您粘贴的令牌缺少OID和UPN,这可能就是您看到此错误的原因。我将不得不返回并检查如果没有这些声明,可以如何发出此访问令牌。
#1
3
I believe if you actually want to browse the Active Directory, and not just read the authenticated user's profile, you need administrator consent for a web app. See http://msdn.microsoft.com/en-us/library/azure/b08d91fa-6a64-4deb-92f4-f5857add9ed8#BKMK_Graph
我相信如果您确实想要浏览Active Directory,而不仅仅是阅读经过身份验证的用户的个人资料,则需要管理员同意才能使用Web应用程序。请参阅http://msdn.microsoft.com/en-us/library/azure/b08d91fa-6a64-4deb-92f4-f5857add9ed8#BKMK_Graph
If you already knew that, then maybe it's a problem with how you've registered your app or the token itself. Make sure you've selected the appropriate permissions per that link in your app registration. If those look right, then you can check the token. There's a handy little token parser here: http://jwt.calebb.net/. Just paste in the value of your token and it will show you the decoded JSON. Look at the scope or scp parameters.

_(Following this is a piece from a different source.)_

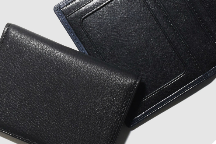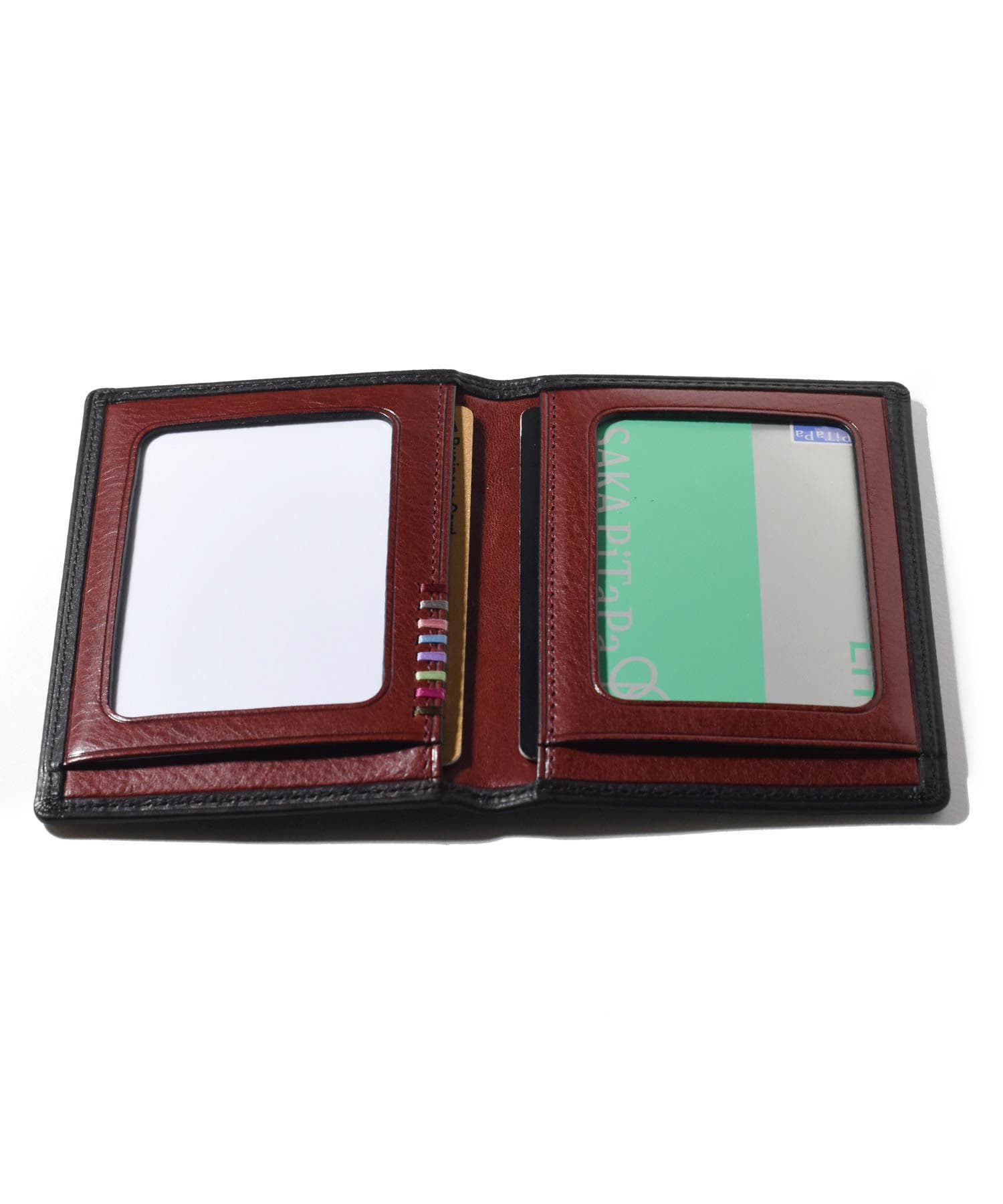 窓付きカードポケットが2つ、カードポケットが2つのシンプルな構成のパスケースです。色目はインクブルー・ワイン・イエロー・グリーンの4色展開です。

如果您已经知道这一点,那么可能是您注册应用程序或令牌本身的方式存在问题。确保您已在应用注册中为该链接选择了相应的权限。如果这些看起来正确,那么您可以检查令牌。这里有一个方便的小令牌解析器:http://jwt.calebb.net/。只需粘贴令牌的值,它就会显示已解码的JSON。查看范围或scp参数。
{
"typ": "JWT",
"alg": "RS256",
"x5t": "asdfsadfasdfsa"
}
{
"aud": "https://graph.windows.net/",
"iss": "https://sts.windows.net/<SOMEGUID>",
"iat": 1418158549,
"nbf": 1418158549,
"exp": 1418162449,
"ver": "1.0",
"tid": "<SOMEGUID>",
"amr": [
"pwd"
],
"oid": "<SOMEGUID>",
"upn": "admin@contoso.com",
"unique_name": "admin@contoso.com",
"sub": "askdljalsdfs",
"puid": "1003BFFD88937280",
"family_name": "Administrator",
"given_name": "MOD",
"appid": "<YOUR APP ID>",
"appidacr": "0",
"scp": "Directory.Read user_impersonation UserProfile.Read",
"acr": "1"
}
#2
1
The token you've pasted is missing the OID and UPN, and that'll probably be why you are seeing this error. I'll have to go back and check how this access token could have been issued without those claims.
您粘贴的令牌缺少OID和UPN,这可能就是您看到此错误的原因。我将不得不返回并检查如果没有这些声明,可以如何发出此访问令牌。